— Крупный парень, не правда ли?

— Дутые мускулы. Ерунда! Вот я однажды в Афинах видел одного старика. Ему было не меньше семидесяти пяти лет, и весил он никак не больше пятидесяти килограммов. Так он пронес рояль по всей улице. Должно быть, рояль ему на спину взгромоздили друзья — он ни за что не смог бы выпрямить ноги под такой тяжестью. Бедняга так и шел на прямых ногах, иначе обязательно свалился бы.

Пока Ангело это говорил, Кан Дан начал подниматься по массивной металлической лестнице в центре арены. На верху лестницы была небольшая платформа. Великан без видимого труда добрался до платформы, на которой был установлен поворотный круг. Отталкиваясь стволоподобными ногами, он начал вращение и постепенно довел скорость до того, что девушки на шесте слились в одно сплошное яркое пятно. Через некоторое время Кан Дан замедлил вращение и остановился, спустился с лестницы, встал на колени и наклонился, чтобы девушки могли спуститься на землю.

Сергиус снова обратился к телохранителю:

— Твой приятель из Афин мог бы проделать такой фокус со своим роялем?

Ангело не ответил.

— Знаешь, по слухам, этот парень может управиться с четырнадцатью девушками, но дирекция цирка ему не разрешает, потому что все равно этому никто не поверит.

Ангело хранил молчание.

Представление закончилось, и зрители, вскочив на ноги, оглушительно аплодировали в течение нескольких минут. Когда публика начала расходиться, Сергиус отыскал глазами мистера Ринфилда и неторопливо поднялся, рассчитывая встретиться с директором у выхода.

— Мистер Ринфилд?

— Да. Прошу прошения, мы знакомы?

— Мы не встречались. — Полковник указал на фотографию на программке. — Но ваше фото очень похоже. Вас нетрудно узнать. Я — полковник Сергиус.

Мужчины пожали друг другу руки.

— Фантастика, мистер Ринфилд! Просто невероятно! Если бы мне кто-то сказал, что подобное возможно, я решил бы, что этот человек лжет мне.

Ринфилд просиял. Девятая симфония Бетховена оставляла его равнодушным, но эта хвалебная музыка глубоко трогала сердце директора.

— Я стал преданным поклонником цирка еще в раннем детстве. — Как и многие, Сергиус любил приврать и часто в этом практиковался. — Но никогда в жизни не видел ничего подобного.

Сергиус явно был способным льстецом. Улыбка Ринфилда засияла еще ярче:

— Вы слишком добры, полковник.

Сергиус печально покачал головой.

— Боюсь, мне не хватает красноречия, чтобы выразить словами мое восхищение вашими несравненными артистами. Однако это не единственная причина моего обращения к вам.
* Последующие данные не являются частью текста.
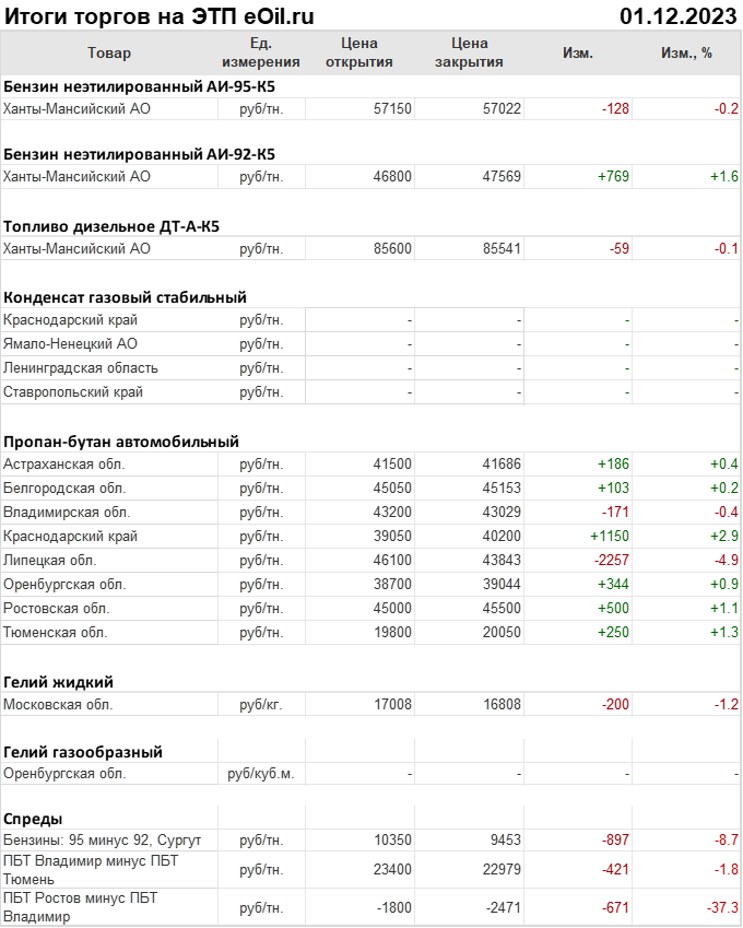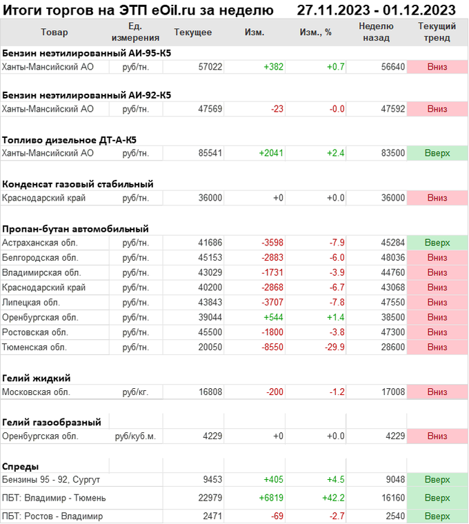 Итоги торгов на ЭТП eOil.ru с 27 ноября по 1 декабря 2023 года
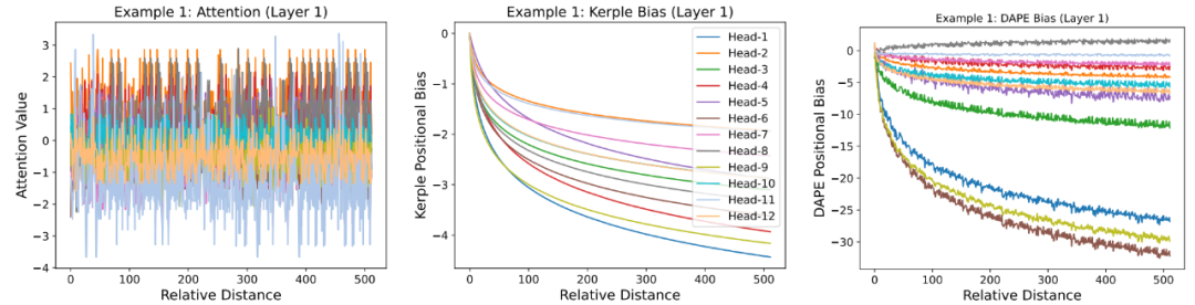 DAPE 展现 local pattern 和 anti-local pattern. 我们在图 1 中绘制了第 8192 个位置的查询 token 的学习位置编码偏置,涵盖了所选层中的所有注意力头。我们想强调 DAPE 的两个特点。首先,与固定的局部归纳偏置(如 Kerple 和 ALiBi)相比,DAPE 的偏置矩阵在不同的注意力头中,能够学习到既包含局部注意力模式,又包含 “反局部” 注意力模式 (DAPE Bias Head-8),强调更远的 key(类似于 FIRE)。其次,与为所有注意力固定的静态偏置相比,DAPE 的偏置矩阵可以根据不同的注意力值动态调整。
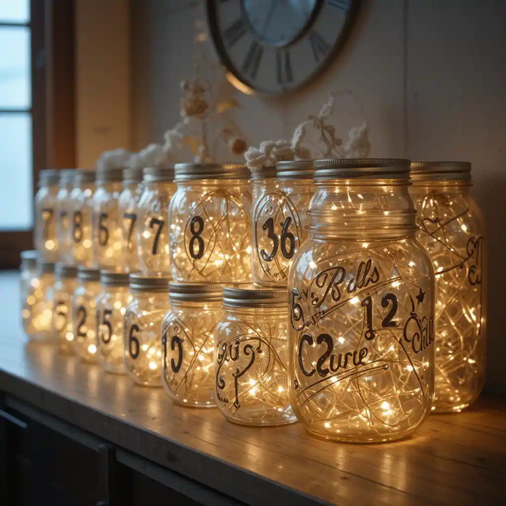 Fill 25 mason jars with fairy lights, labeled with numbers. Each evening, light up one more jar until all glow brightly on Christmas Eve. The growing sparkle enhances the magical atmosphere in any room.

Мне сказали, что ваша следующая остановка — в Крау. — Он достал визитную карточку. — Я шеф полиции этого города. — У Сергиуса были заготовлены самые разные визитные карточки. — Если понадобится помощь — всегда к вашим услугам. Сочту за честь выполнить любую вашу просьбу. Вам будет нетрудно меня найти — я собираюсь посетить все ваши представления, потому что никогда в жизни больше не увижу ничего подобного. Во время вашего пребывания в Крау преступники смогут вздохнуть свободно.

— Вы так любезны. Полковник Сергиус, вы будете моим личным и, я надеюсь, постоянным гостем в цирке. Вы окажете мне честь…

Директор оборвал себя и посмотрел на троих спутников полковника, которые не выразили ни малейшего желания отойти в сторону.

— Это ваши люди, полковник?

— Какой я невнимательный! У меня совсем вылетело из головы…

Сергиус представил Ринфилду своих подчиненных. Директор, в свою очередь, представил доктора Харпера, сидевшего рядом с ним во время представления.

Ринфилд продолжил:

— Я как раз собирался сказать, полковник, что хочу пригласить вас и ваших людей ко мне в кабинет выпить по рюмочке вашего национального напитка.

Сергиус ответил, что он полностью в распоряжении директора. Все выглядело очень сердечно.

В кабинете Ринфилда одна рюмочка превратилась в две, а потом и в три. Получив разрешение хозяина, Николай все время щелкал затвором, не забыв сделать по крайней мере дюжину снимков улыбающейся и протестующей Марии, которая в момент появления гостей сидела на своем рабочем месте.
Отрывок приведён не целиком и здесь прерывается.